An array expression of type T [N][M] does not decay to T ** - it decays to type T (*)[M] (pointer to M-element array).
Secondly, you're trying to return the address of an array that's local to the function; once the function exits, the emps array no longer exists, and any pointer to it becomes invalid.
You'd probably be better off passing the target array as a parameter to the function and have the function write to it, rather than creating a new array within the function and returning it. You could dynamically allocate the array, but then you're doing a memory management dance, and the best way to avoid problems with memory management is to avoid doing memory management.
So your function definition would look like
void fetch( char *lat, char *lon, char emps[][50], size_t rows ) { ... }
and your function call would look like
char my_emps[10][50];
...
fetch( &lat, &lon, my_emps, 10 );
What you're attempting won't work, even if you attempt to cast, because you'll be returning the address of a local variable. When the function returns, that variable goes out of scope and the memory it was using is no longer valid. Attempting to dereference that address will result in undefined behavior.
What you need is to use dynamic memory allocation to create the data structure you want to return:
char **emps;
emps = malloc(10 * sizeof(char *));
for (int i=0; i<10; i++) {
emps[i] = malloc(50);
}
....
return emps;
The calling function will need to free the memory created by this function. It also needs to know how many allocations were done so it knows how many times to call free.
If you found a way to cast char emps[10][50]; into a char * or char **
you wouldn't be able to properly map the data (dimensions, etc). multi-dimensional char arrays are not char **. They're just contiguous memory with index calculation. Better fit to a char * BTW
but the biggest problem would be that emps would go out of scope, and the auto memory would be reallocated to some other variable, destroying the data.
There's a way to do it, though, if your dimensions are really fixed:
You can create a function that takes a char[10][50] as an in/out parameter (you cannot return an array, not allowed by the compiler, you could return a struct containing an array, but that wouldn't be efficient)
Example:
void myfunc(char emp[10][50])
{
emp[4][5] = 'a'; // update emp in the function
}
int main()
{
char x[10][50];
myfunc(x);
// ...
}
The main program is responsible of the memory of x which is passed as modifiable to myfunc routine: it is safe and fast (no memory copy)
Good practice: define a type like this typedef char matrix10_50[10][50]; it makes declarations more logical.
The main drawback here is that dimensions are fixed. If you want to use myfunc for another dimension set, you have to copy/paste it or use macros to define both (like a poor man's template).
EDITa fine comment suggests that some compilers support variable array size.

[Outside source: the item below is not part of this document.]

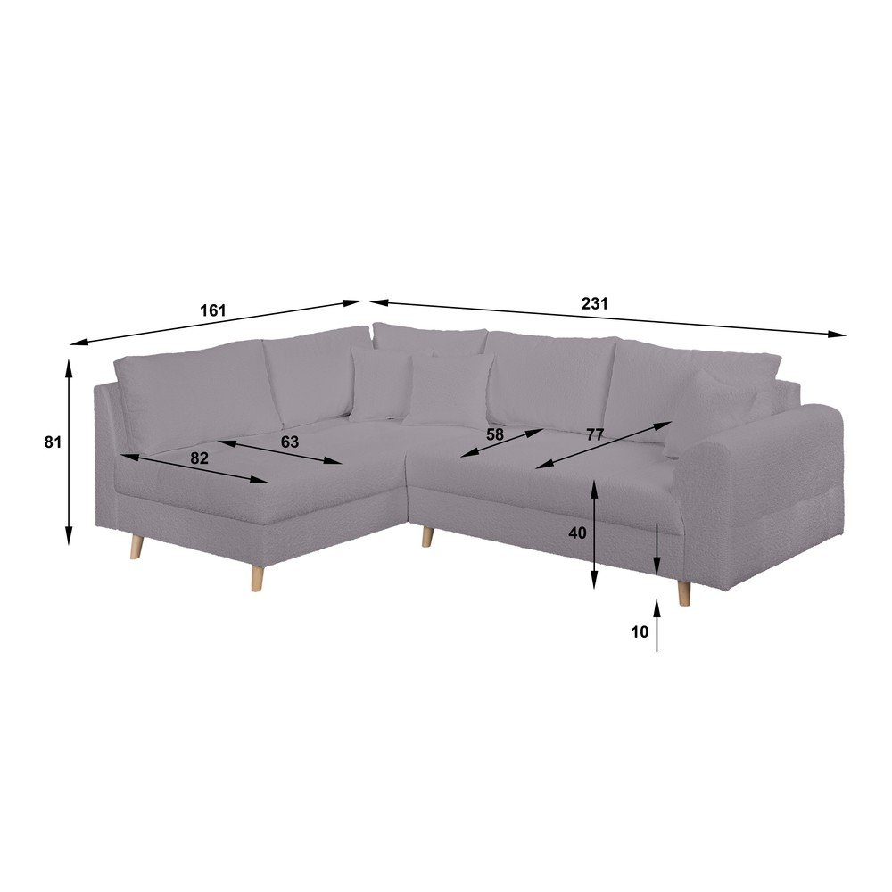 Ciemnoszary narożnik z materiału bouclé (lewostronny) Ariella – Ropez
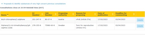 2023年2月17日,歐洲化學品管理局(ECHA)對2種潛在的SVHC候選清單物質展開公眾咨詢,公眾咨詢將于2023年4月3日結束,在此期間各利益相關方均可向ECHA提交反饋意見。ECHA將會對公眾提交的反饋意見進行評議,最終確定正式納入第29批SVHC候選清單的物質。

So you could pass dimensions alongside your unconstrained array:
void myfunc(int rows, int cols, char emp[rows][cols])
Tested, works with gcc 4.9 (probably on earlier versions too) only on C code, not C++ and not in .cpp files containing plain C (but still beats cumbersome malloc/free calls)
In order to understand why you can't do that, you need to understand how matrices work in C.
A matrix, let's say your char emps[10][50] is a continuous block of storage capable of storing 10*50=500 chars (imagine an array of 500 elements). When you access emps[i][j], it accesses the element at index 50*i + j in that "array" (pick a piece of paper and a pen to understand why). The problem is that the 50 in that formula is the number of columns in the matrix, which is known at the compile time from the data type itself. When you have a char** the compiler has no way of knowing how to access a random element in the matrix.
A way of building the matrix such that it is a char** is to create an array of pointers to char and then allocate each of those pointers:
char **emps = malloc(10 * sizeof(char*)); // create an array of 10 pointers to char
for (int i = 0; i < 10; i++)
emps[i] = malloc(50 * sizeof(char)); // create 10 arrays of 50 chars each
The point is, you can't convert a matrix to a double pointer in a similar way you convert an array to a pointer.
Another problem: Returning a 2D matrix as 'char**' is only meaningful if the matrix is implemented using an array of pointers, each pointer pointing to an array of characters. As explained previously, a 2D matrix in C is just a flat array of characters. The most you can return is a pointer to the [0][0] entry, a 'char*'. There's a mismatch in the number of indirections.
Before you feel the need to mark this as a duplicate post, please don't. I have read all the threads on pointers, arrays, and functions I could find but almost all of them are far too advanced to be of any help to me.
I'm not getting an error, however my code will not print my array. It seems the issue here is using scanf. I don't think the values entered are actually being put into the array in main(). I've tried using pointers, but then I get the error "Thread 1: EXC_BAD_ACCESS (code=1, address=0x0)" whenever I try to use scanf to collect user inputted values to put into the array.
What I am working on is limited to declaring my array in the main() function, but all the operations are to be performed in promptData() function. Any help would be great, I'm at my wits end trying to figure this out on my own.
#import <stdio.h>
void promptData(double data[], int numElem);
int main(int argc, const char * argv[])
{
int size, i;
double array[size];
promptData(array, size);
for (i = 0; i < size; i++)
printf("%.2lf\n", array[i]);
return 0;
}
void promptData(double data[], int numElem)
{
int i;
printf("Enter integer values for size of array.\n");
scanf("%i", &numElem);
for (i = 0; i < numElem; i++)
{
printf("Enter array values.\n");
scanf("%lf", &data[i]);
}
}
Your program has undefined behaviour because variable size was not initialized and has indeterminate value.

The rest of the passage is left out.